#### [Activity]
Repeat the data exactly. Pictures are not part of the copy.

#### [Information provided]
Start of Block

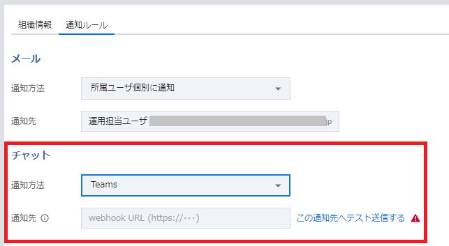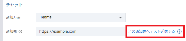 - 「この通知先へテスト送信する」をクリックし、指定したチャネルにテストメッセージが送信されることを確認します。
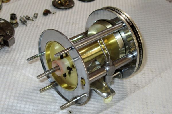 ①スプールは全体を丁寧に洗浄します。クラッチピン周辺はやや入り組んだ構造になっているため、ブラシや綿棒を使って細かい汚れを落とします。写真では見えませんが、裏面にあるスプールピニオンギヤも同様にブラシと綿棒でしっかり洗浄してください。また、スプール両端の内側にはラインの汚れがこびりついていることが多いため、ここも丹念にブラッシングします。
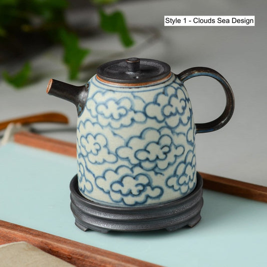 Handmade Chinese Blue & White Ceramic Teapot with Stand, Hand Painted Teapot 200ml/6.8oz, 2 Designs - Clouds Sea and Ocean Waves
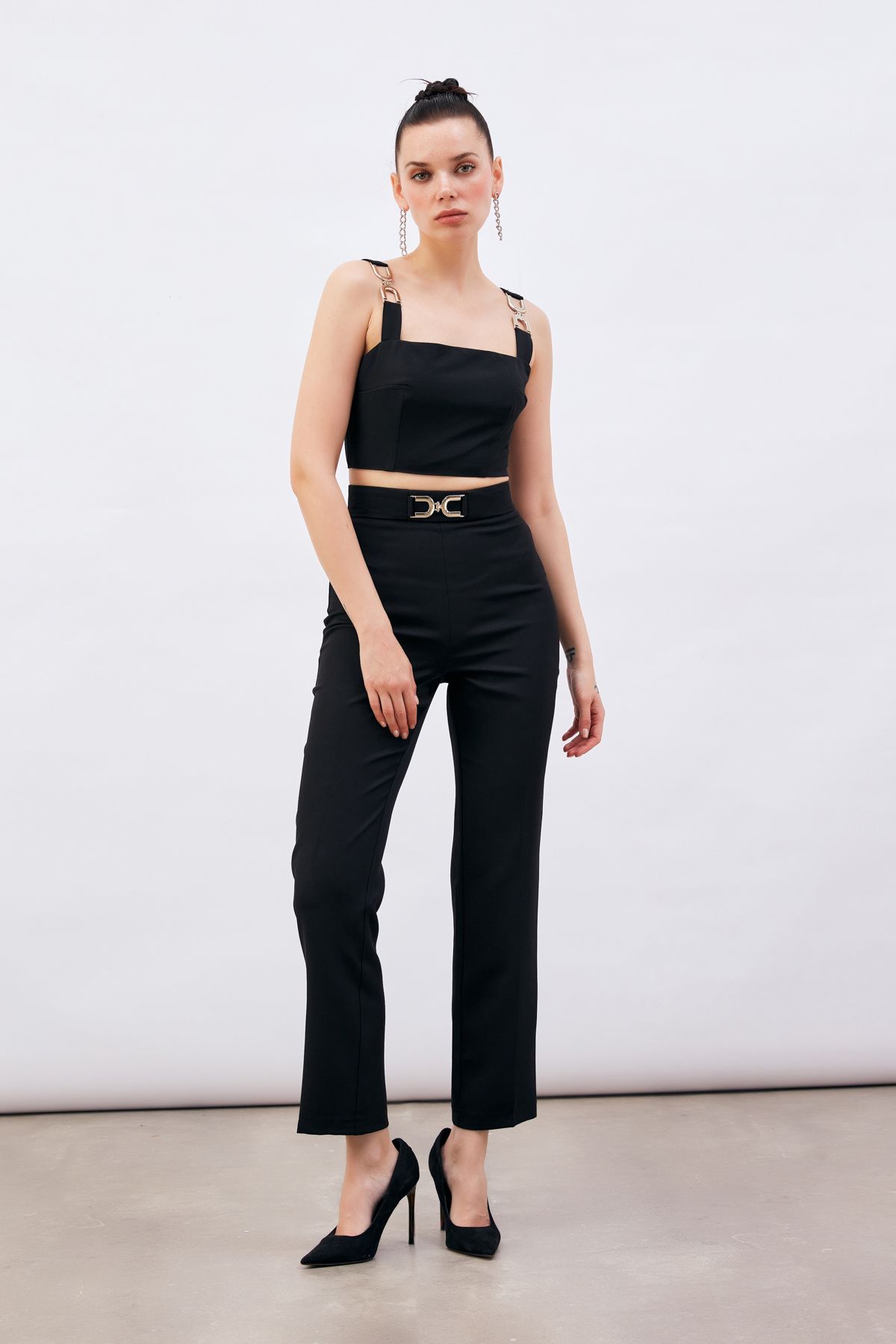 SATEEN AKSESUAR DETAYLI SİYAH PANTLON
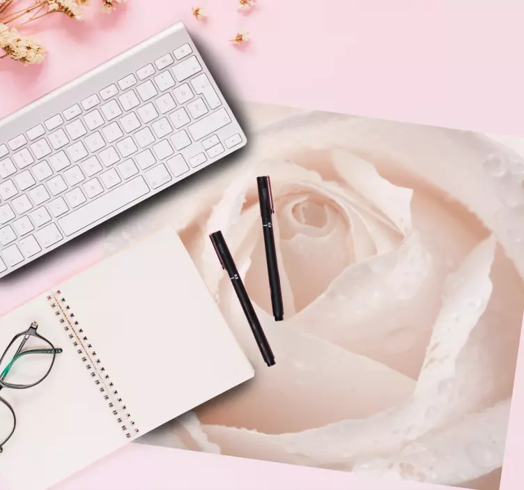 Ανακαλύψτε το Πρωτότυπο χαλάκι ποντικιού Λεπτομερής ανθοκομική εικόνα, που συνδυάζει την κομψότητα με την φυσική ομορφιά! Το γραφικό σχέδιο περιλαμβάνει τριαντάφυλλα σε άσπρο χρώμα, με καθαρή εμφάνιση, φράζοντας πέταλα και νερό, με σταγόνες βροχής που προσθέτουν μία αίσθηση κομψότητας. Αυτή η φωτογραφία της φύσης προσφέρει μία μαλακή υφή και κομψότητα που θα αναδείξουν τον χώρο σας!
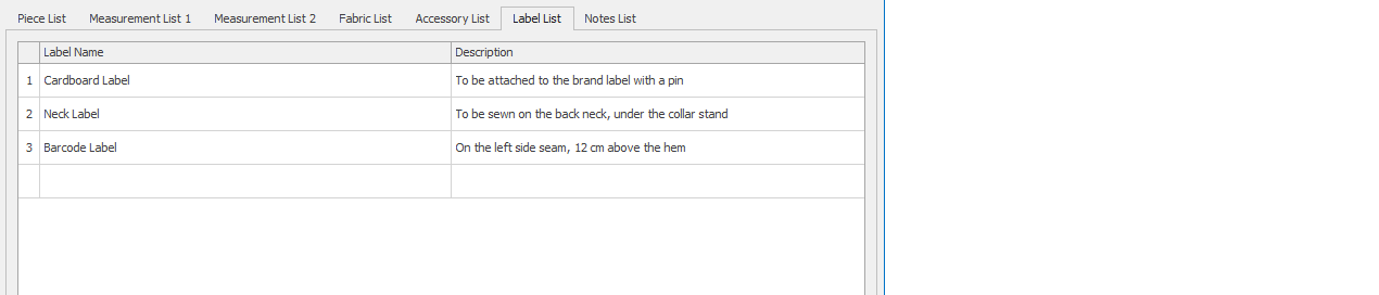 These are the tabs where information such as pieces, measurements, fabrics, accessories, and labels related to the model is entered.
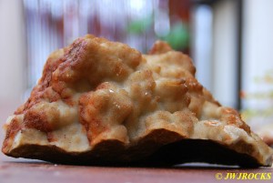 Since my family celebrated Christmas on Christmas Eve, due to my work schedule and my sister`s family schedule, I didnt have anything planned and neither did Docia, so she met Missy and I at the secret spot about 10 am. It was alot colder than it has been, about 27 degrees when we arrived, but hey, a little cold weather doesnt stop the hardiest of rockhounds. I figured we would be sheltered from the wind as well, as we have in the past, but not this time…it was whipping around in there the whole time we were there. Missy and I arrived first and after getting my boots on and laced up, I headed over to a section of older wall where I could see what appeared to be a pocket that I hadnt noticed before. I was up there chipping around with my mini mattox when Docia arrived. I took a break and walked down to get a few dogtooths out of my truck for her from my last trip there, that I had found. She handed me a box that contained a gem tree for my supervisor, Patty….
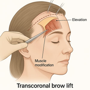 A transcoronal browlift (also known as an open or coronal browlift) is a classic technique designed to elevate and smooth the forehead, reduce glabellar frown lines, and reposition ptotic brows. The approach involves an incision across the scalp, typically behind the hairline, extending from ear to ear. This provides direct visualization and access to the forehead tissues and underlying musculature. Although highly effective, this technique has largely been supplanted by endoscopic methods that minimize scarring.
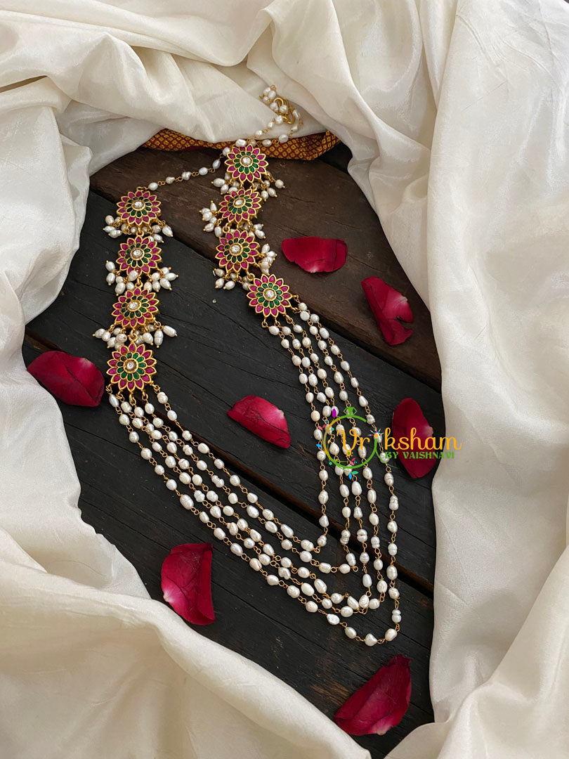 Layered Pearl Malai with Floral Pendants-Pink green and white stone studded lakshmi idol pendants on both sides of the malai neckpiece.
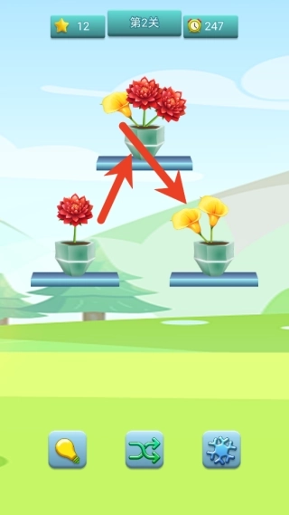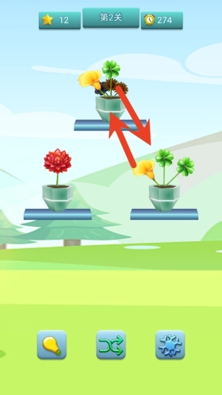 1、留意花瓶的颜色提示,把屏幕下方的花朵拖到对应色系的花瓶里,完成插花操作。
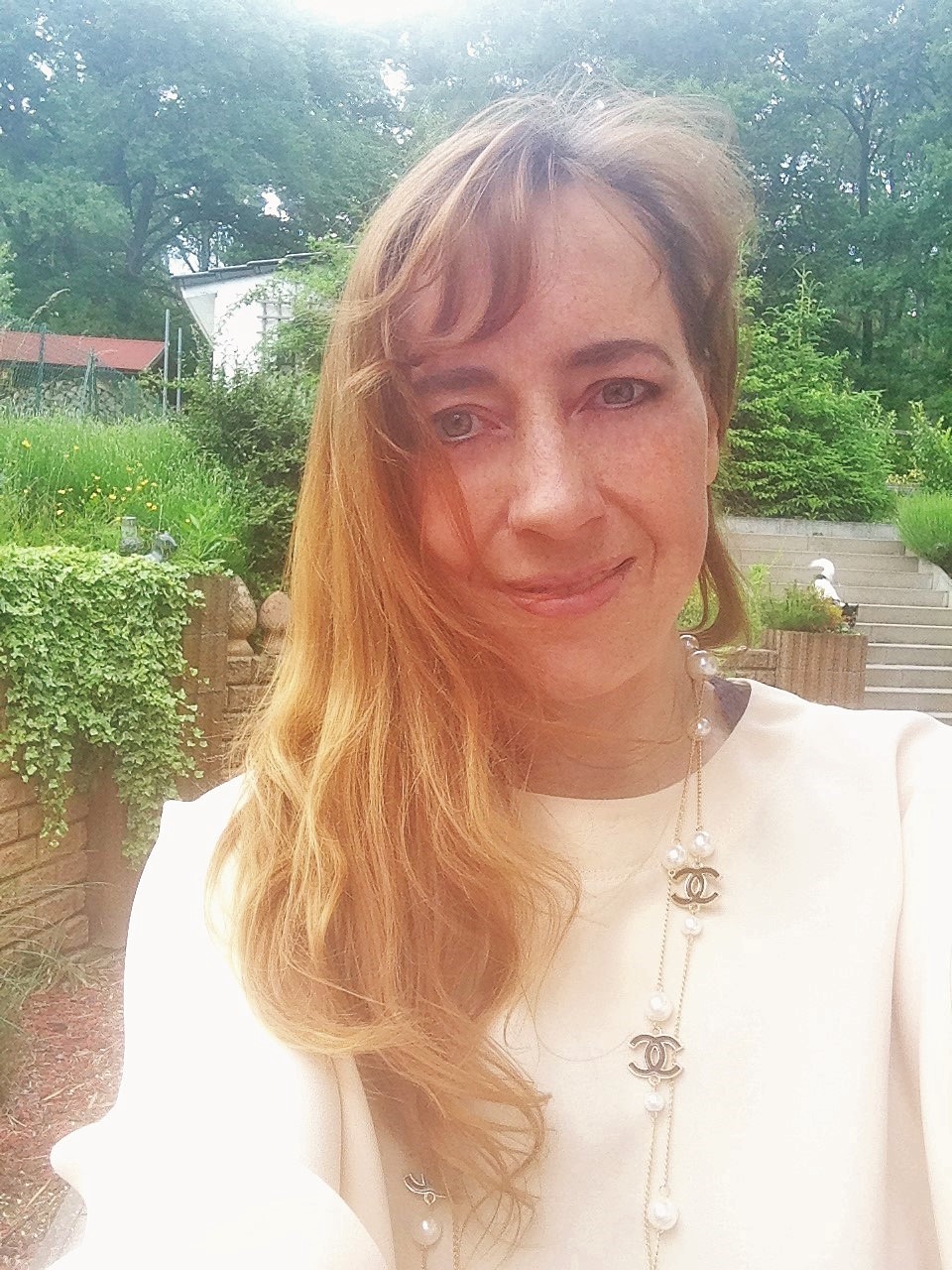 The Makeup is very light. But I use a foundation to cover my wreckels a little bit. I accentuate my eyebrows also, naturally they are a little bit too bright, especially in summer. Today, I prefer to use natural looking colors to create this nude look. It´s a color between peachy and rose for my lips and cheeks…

End of Block

#### [Response]
 - 「この通知先へテスト送信する」をクリックし、指定したチャネルにテストメッセージが送信されることを確認します。
 ①スプールは全体を丁寧に洗浄します。クラッチピン周辺はやや入り組んだ構造になっているため、ブラシや綿棒を使って細かい汚れを落とします。写真では見えませんが、裏面にあるスプールピニオンギヤも同様にブラシと綿棒でしっかり洗浄してください。また、スプール両端の内側にはラインの汚れがこびりついていることが多いため、ここも丹念にブラッシングします。
 Handmade Chinese Blue & White Ceramic Teapot with Stand, Hand Painted Teapot 200ml/6.8oz, 2 Designs - Clouds Sea and Ocean Waves
 SATEEN AKSESUAR DETAYLI SİYAH PANTLON
 Ανακαλύψτε το Πρωτότυπο χαλάκι ποντικιού Λεπτομερής ανθοκομική εικόνα, που συνδυάζει την κομψότητα με την φυσική ομορφιά! Το γραφικό σχέδιο περιλαμβάνει τριαντάφυλλα σε άσπρο χρώμα, με καθαρή εμφάνιση, φράζοντας πέταλα και νερό, με σταγόνες βροχής που προσθέτουν μία αίσθηση κομψότητας. Αυτή η φωτογραφία της φύσης προσφέρει μία μαλακή υφή και κομψότητα που θα αναδείξουν τον χώρο σας!
 These are the tabs where information such as pieces, measurements, fabrics, accessories, and labels related to the model is entered.
 Since my family celebrated Christmas on Christmas Eve, due to my work schedule and my sister`s family schedule, I didnt have anything planned and neither did Docia, so she met Missy and I at the secret spot about 10 am. It was alot colder than it has been, about 27 degrees when we arrived, but hey, a little cold weather doesnt stop the hardiest of rockhounds. I figured we would be sheltered from the wind as well, as we have in the past, but not this time…it was whipping around in there the whole time we were there. Missy and I arrived first and after getting my boots on and laced up, I headed over to a section of older wall where I could see what appeared to be a pocket that I hadnt noticed before. I was up there chipping around with my mini mattox when Docia arrived. I took a break and walked down to get a few dogtooths out of my truck for her from my last trip there, that I had found. She handed me a box that contained a gem tree for my supervisor, Patty….
 A transcoronal browlift (also known as an open or coronal browlift) is a classic technique designed to elevate and smooth the forehead, reduce glabellar frown lines, and reposition ptotic brows. The approach involves an incision across the scalp, typically behind the hairline, extending from ear to ear. This provides direct visualization and access to the forehead tissues and underlying musculature. Although highly effective, this technique has largely been supplanted by endoscopic methods that minimize scarring.
 Layered Pearl Malai with Floral Pendants-Pink green and white stone studded lakshmi idol pendants on both sides of the malai neckpiece.
 1、留意花瓶的颜色提示,把屏幕下方的花朵拖到对应色系的花瓶里,完成插花操作。
 The Makeup is very light. But I use a foundation to cover my wreckels a little bit. I accentuate my eyebrows also, naturally they are a little bit too bright, especially in summer. Today, I prefer to use natural looking colors to create this nude look. It´s a color between peachy and rose for my lips and cheeks…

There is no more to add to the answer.